Modern hearing aids have come a long way; existing models are remarkably effective and include impressive digital features, like wireless connectivity, that markedly enhance a person’s ability to hear along with their all-around quality of life.

But there is still room for improvement.

Particularly, in a few instances hearing aids have some trouble with two things:

  1. Locating the source of sound
  2. Eliminating background noise

But that may soon change, as the newest research in hearing aid design is being guided from a unusual source: the world of insects.

Why insects hold the key to improved hearing aids

Both mammals and insects have the same problem related to hearing: the transformation and amplification of sound waves into information the brain can use. What scientists are identifying is that the mechanism insects use to solve this problem is in many ways more proficient than our own.

The organs of hearing in an insect are smaller and more sensitive to a greater range of frequencies, allowing the insect to identify sounds humans cannot hear. Insects also can detect the directionality and distance of sound in ways more exact than the human ear.

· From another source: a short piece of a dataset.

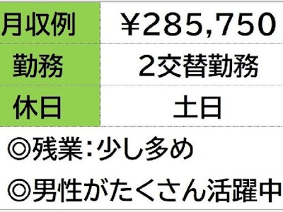 週 5日の所定休日ごとに勤務時間が変わる【2交替】勤務お仕事です。

Hearing aid design has traditionally been directed by the way humans hear, and hearing aids have had a tendency to provide straightforward amplification of incoming sound and transmission to the middle ear. But scientists are now asking a completely different question.

Borrowing inspiration from the natural world, they’re asking how nature—and its hundreds of millions of years of evolution—has attempted to solve the problem of sensing and perceiving sound. By investigating the hearing mechanism of assorted insects, such as flies, grasshoppers, and butterflies, investigators can borrow the best from each to generate a brand new mechanism that can be used in the design of new and improved miniature microphones.

Insect-inspired miniature directional microphones

Experts from University of Strathclyde in Glasgow, Scotland, and the MRC/CSO Institute for Hearing Research (IHR) at Glasgow Royal Infirmary, will be testing hearing aids equipped with a unique type of miniature microphone inspired by insects.

The hope is that the new hearing aids will accomplish three things:

  1. More energy-efficient microphones and electronics that will eventually result in smaller hearing aids, lower power usage, and extended battery life.
  2. The capability to more accurately locate the source and distance of sound.
  3. The ability to focus on specific sounds while excluding background noise.

Researchers will also be testing 3D printing procedures to improve the design and ergonomics of the new hearing aids.

The future of hearing aids

For virtually all of their history, hearing aids have been produced with the human hearing mechanism in mind, in an attempt to reconstruct the normal human hearing experience. Now, by asking a different set of questions, researchers are establishing a new set of goals. Rather than attempting to RESTORE normal human hearing, perhaps they can IMPROVE it.